4. New fast theorem provers using graph representations of data for
arithmetical problems and for pointer manipulation problems have been designed
and coded. These theorem provers are crucial subsystems of program verifiers.
Their response time directly reflects on the feasibilty of using
verifiers as programming aids.
[1] A. SAXENA and T. BREDT, "A structured specification of an operating
system", Proc. International Conference on Reliable Software, April 1975,
pp. 310-318.
[2] R. KARP and D. LUCKHAM, "Proof of Fairness in an implementaion of
Monitors", forthcoming International Conference on Software Engineering, Oct. 1976.
[3] P. BRINCH HANSEN, "The purpose of Concurrent Pascal"
Proc.
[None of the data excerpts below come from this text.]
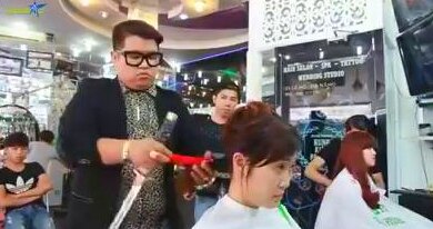 Странный инструмент использует парикмахер в своём причёсочном искусстве - настоящую катану: вот клиентам эмоций-то сколько обеспечено!
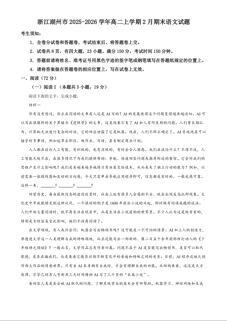 高二语文--浙江省湖州市2025-2026学年高二上学期2月期末考试
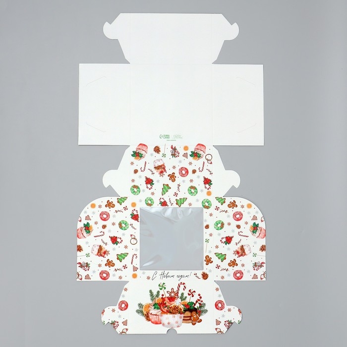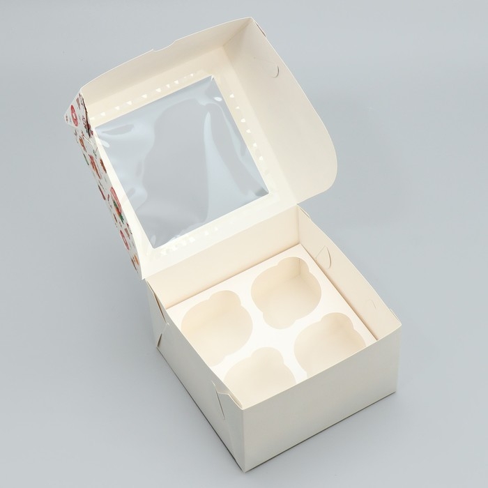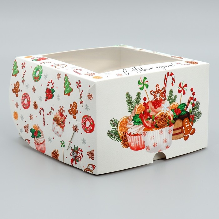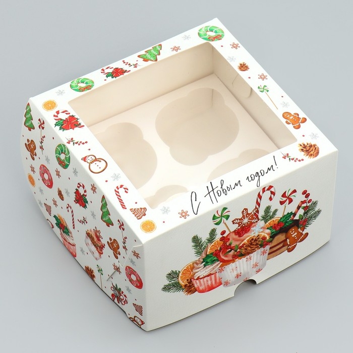 Коробка складная на 4 капкейка с окном «С Новым годом!», сладости, 16 х 16 х 10 см, Новый год
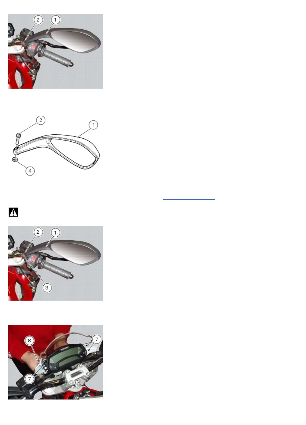 Start the screws (2) in their thread on the rear-view mirrors (1), inserting the washers (4) as shown in the picture.
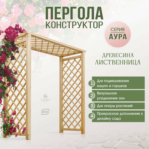 Садовая пергола - это декор для сада, выполненный в виде арки, тоннеля. Арка садовая изготовлена из массива лиственницы, в одном стиле с нашими шпалерами, по собственному эскизу и отличается от арки (арт. сп0001) шириной стенки. Глубина арки - 73 см.
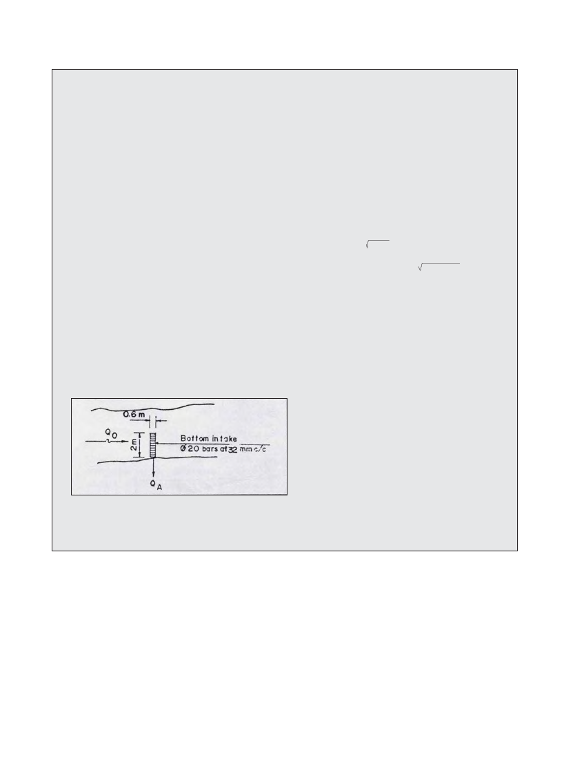 A suitable site has been located for a bottom intake. The river width at this area is 5 m and the depth is 0.5 m (i.e. ho = 0.5 m).
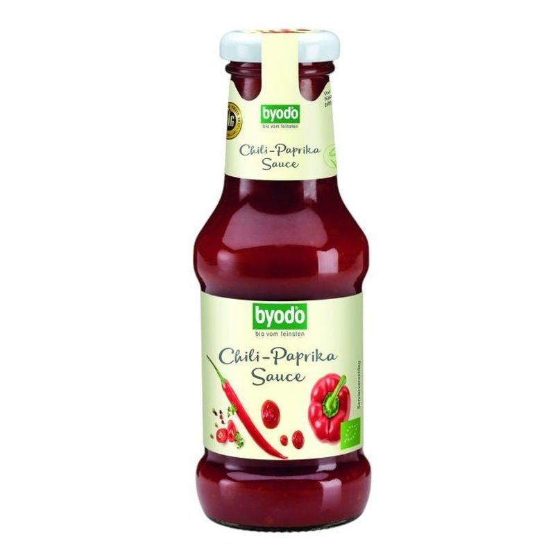 A különleges fűszerek kedvelőinek ajánljuk grillezett húsok, halak és saláták ízesítéséhez. A vegán csemegeszósz élesztő és gluténmentes. A chili-paprika szósz ideális foundue-höz, mártogatni, salátaszószt ízesíteni, valamint grillezett húsokhoz és halakhoz.Összetevők: Paradicsompüré, egyszeres sűrítmény (45%), nyers nádcukor, paprika (11%), paradicsom, alkoholból előállított ecet, hagyma, kukoricaliszt, kősó, almaecet, chili (0,29%), sűrítőanyag: guargumi, fűszerek.
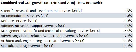 The biggest concern is architectural, engineering and related services. The GDP contribution has dropped 13 percent in two years. The national and international firms that bought out N.B. firms may be retrenching out of N.B.
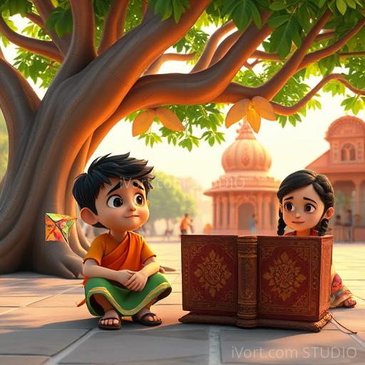One day, Aarav faced a challenge—he wanted to help his friend Meena, who was feeling sad because her favorite kite was torn. Remembering the magic book, Aarav asked, 'Can you help me find a way to cheer Meena up?' The book responded by writing a story about a brave boy who fixed his torn kite and flew it high in the sky, just like a hero. Inspired, Aarav gathered colorful threads and paper, and with his mother’s help, they made a new, beautiful kite. When he gave it to Meena, her face lit up with joy. She ran outside, and together they watched the kite dance in the bright blue sky, feeling happy and grateful for the magic of stories and friendship.
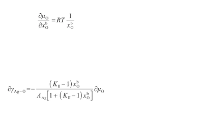 液態Ag-O系表面張力和表面過剩量計算、氧氣壓力和溫度的預測模型——模型(二)
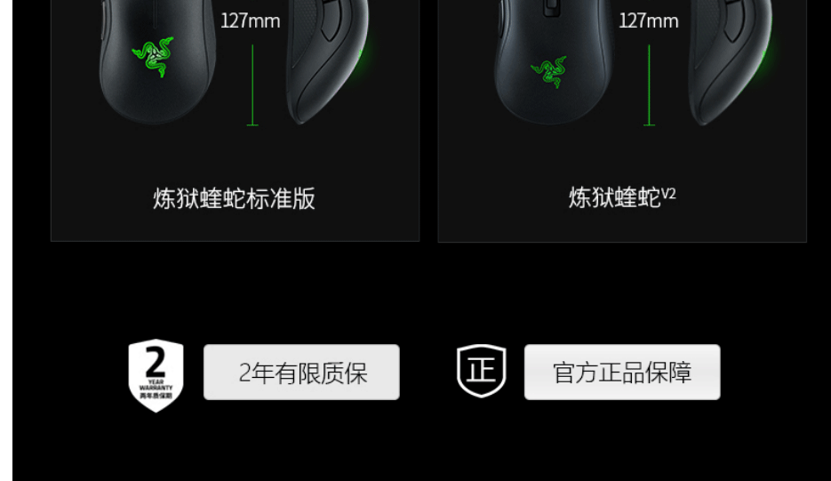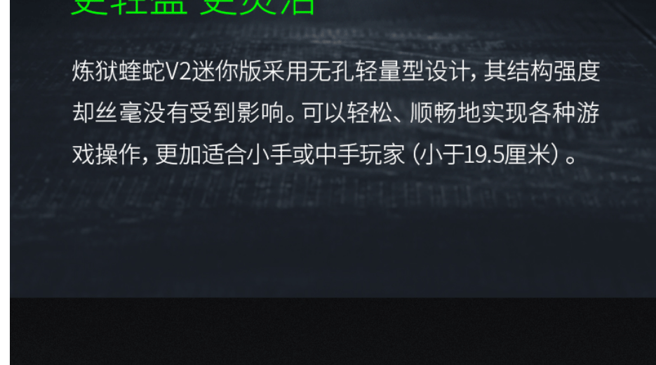 | 包装清单 | 雷蛇炼狱蝰蛇V2迷你版*1,重要产品信息指南*1 |
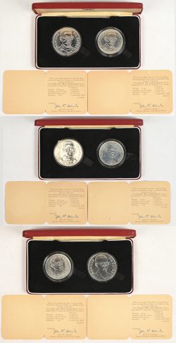 Three cases each containing a coin of 5 and one of 2.50 Zaire from 1975. Ag 925/1000, weighing 35 g and 28.28 g respectively. Ed. Royal Mint for the Banque du Zaire. -
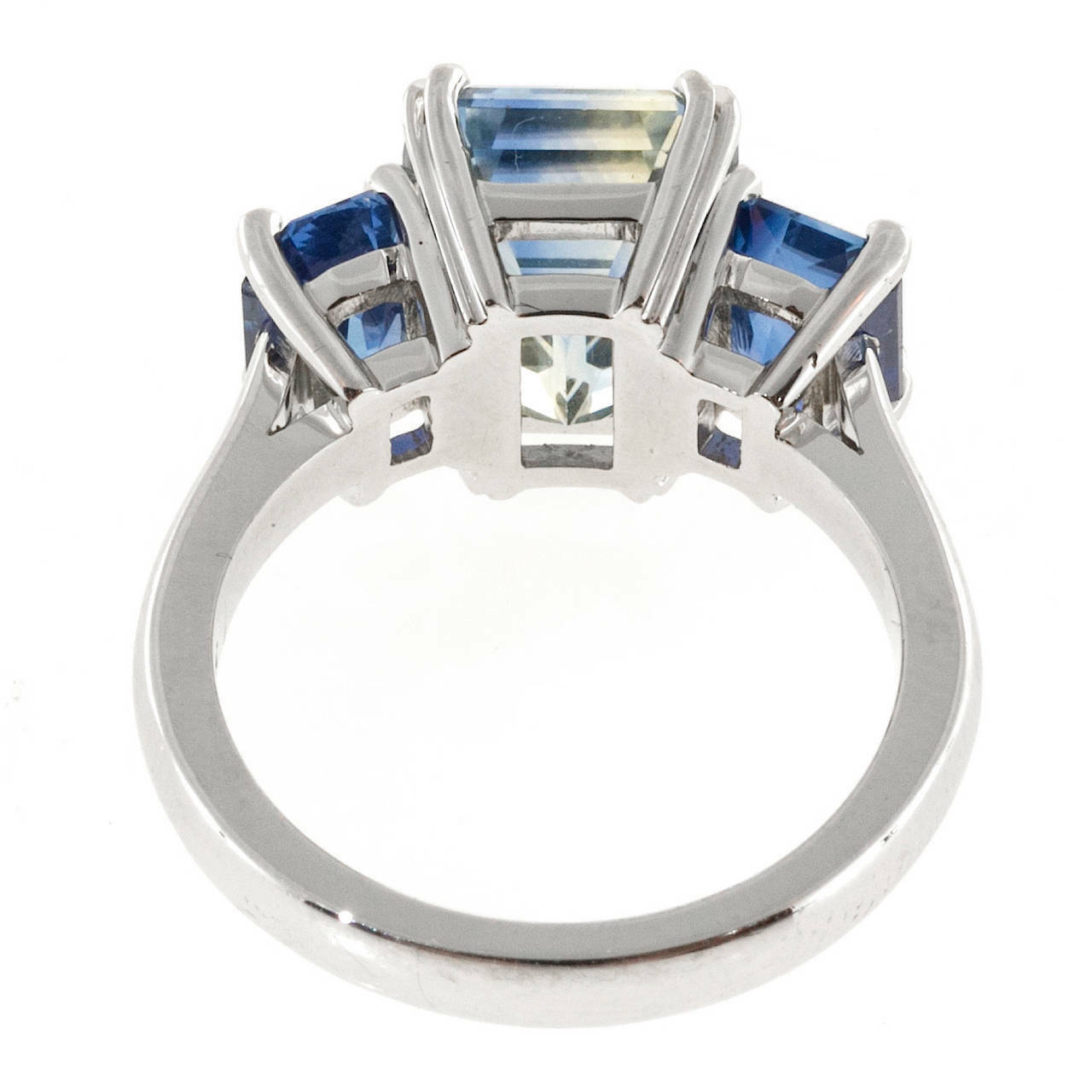 3ct Emerald Cut Diamond Blue Sapphire Accents Trilogy Ring 14k White Gold Finish

International Conference on Reliable Software, April 1975,
pp. 305-309.
AUTOMATED MATHEMATICS
An Artificial Intelligence computer program which learns new
elementary mathematics by itself has recently been completed by D.
Lenat. This system, called "AM", has rediscovered several basic math
concepts (e.g., prime numbers), and was instrumental in the discovery
of one new result in elementary number theory. AM views mathematics
as a collection of interrelated concepts. AM decides which concept to
define next, determines the resources to expend on developing that
concept, and then judges the interestingness of the new concept. A
large knowledge base of elementary mathematics knowledge is present,
in the form of heuristic rules which are used to guide each of these
processes. This project represents a significant advance in the
state of the art in symbolic learning programs. It is anticipated
that the technology developed will be applicable to computer learning
of new concepts in other, less theoretical domains.